A female student at Carnegie Mellon University (CMU) dressed as the pope while appearing naked from the waist down at the annual art school parade. Her pubic hair was shaved in the shape of a cross; she passed out condoms to the public. Administrators are reviewing this incident to see “if our community standards or laws were violated.”

At that time, Catholic League president Bill Donohue raised several questions about what happened. For one thing, he noted that the university did not have to ponder what to do regarding an earlier recent incident involving one of its fraternities: it simply suspended the students, as well as the entire Beta Theta Pi fraternity, for taking sexual pictures and videos inside the frat house and then emailing them to other members. An investigation was underway. But when it came to a female student who walked the streets naked from the waist down while mocking the pope, the administrators were much more relaxed. She was not suspended during a probe of this matter.

“The Freedom of Expression Policy” at CMU prizes individual expression, but it is not absolute: it explicitly ties rights to responsibilities. Perhaps most important, the “Carnegie Mellon Code” says students “are expected to meet the highest standards of personal, ethical and moral conduct possible.” It would seem axiomatic that the offending student violated these strictures.

Donohue argued that if CMU were to tolerate this incident, invoking no sanctions whatsoever, then it would open a door it may well regret. What, he asked, if instead of shaved pubic hair in the shape of a cross, a student chooses to depict a swastika?
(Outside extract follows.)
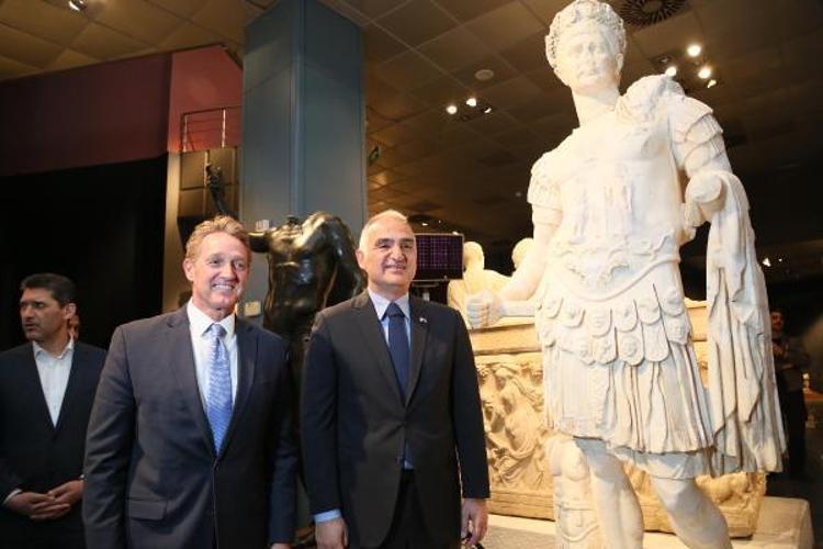 En son geçen mart ayında ABD'nin New York kentinden, büyükelçilik, Manhattan Bölge Savcılığı gibi kurumlarla da yapılan iş birliği sayesinde 12 tarihi eserin iadesi sağlandı ve Antalya Müzesi'nde sergilenmeye başlandı. Serginin açılışını yapan Kültür ve Turizm Bakanı Mehmet Nuri Ersoy, 12 eser arasında yer alan Roma İmparatoru Septimus Severus'un gerçek boyutlarda nadir bronz heykelinin eksik olan baş kısmının da geri getirilmesine yönelik çalışmaların sürdüğünü açıkladı.
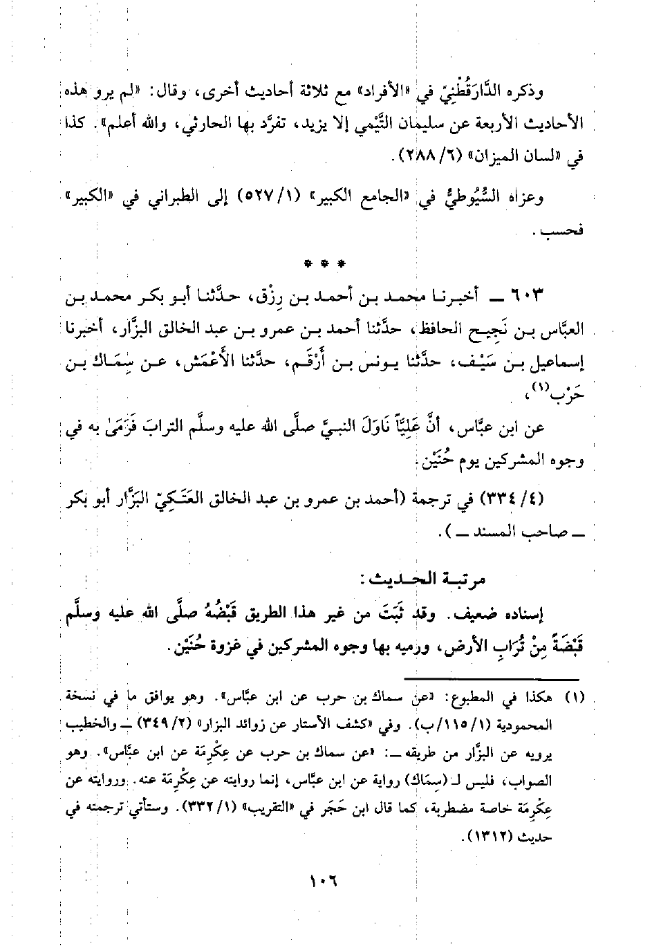 ٦٠٣ - أخبرنا محمد بن أحمد بن رِزْق، حدَّثنا أبو بكر محمد بن العبَّاس بن نَجِيح الحافظ، حدَّثنا أحمد بن عمرو بن عبد الخالق البزَّار، أخبرنا إسماعيل بن سَيْف، حدَّثنا يونس بن أَرْقَم، حدَّثنا الأَعْمَش، عن سِمَاك بن حَرْب (¬١)،

CMU’s decision not to suspend this female student, who publicly ridiculed Catholics and violated the local ordinance on public nudity, while invoking sanctions against the frat boys for offensive behavior behind closed doors, was legally problematic and morally indefensible.

Later CMU president Jared Cohon did apologize for the incident. His apology was sincere and much appreciated. A final resolution of this incident was not made, so it was too early to say whether CMU would treat this “highly offensive” act, as Cohon put it, the way it would resolve a pending case involving fraternity students and sex videos.

Donohue responded: “To treat the female incident in a less severe manner would raise questions about CMU’s sensitivity to anti-Catholicism, and would also put into play the issue of gender discrimination. We look forward to a just resolution to both of these indefensible incidents.”

A week later Cohon released a statement explaining that campus police had filed misdemeanor charges against the offending student, as well as two others. His letter balanced the need for freedom of expression with a commitment to fighting intolerance.

That is fine, but Cohon discredits real artistic merit when he says the student “made an artistic statement that proved to be controversial.” Donohue commented: “There is nothing artistic about this infantile anti-Catholic insult. But we appreciate his willingness not to dodge this issue.”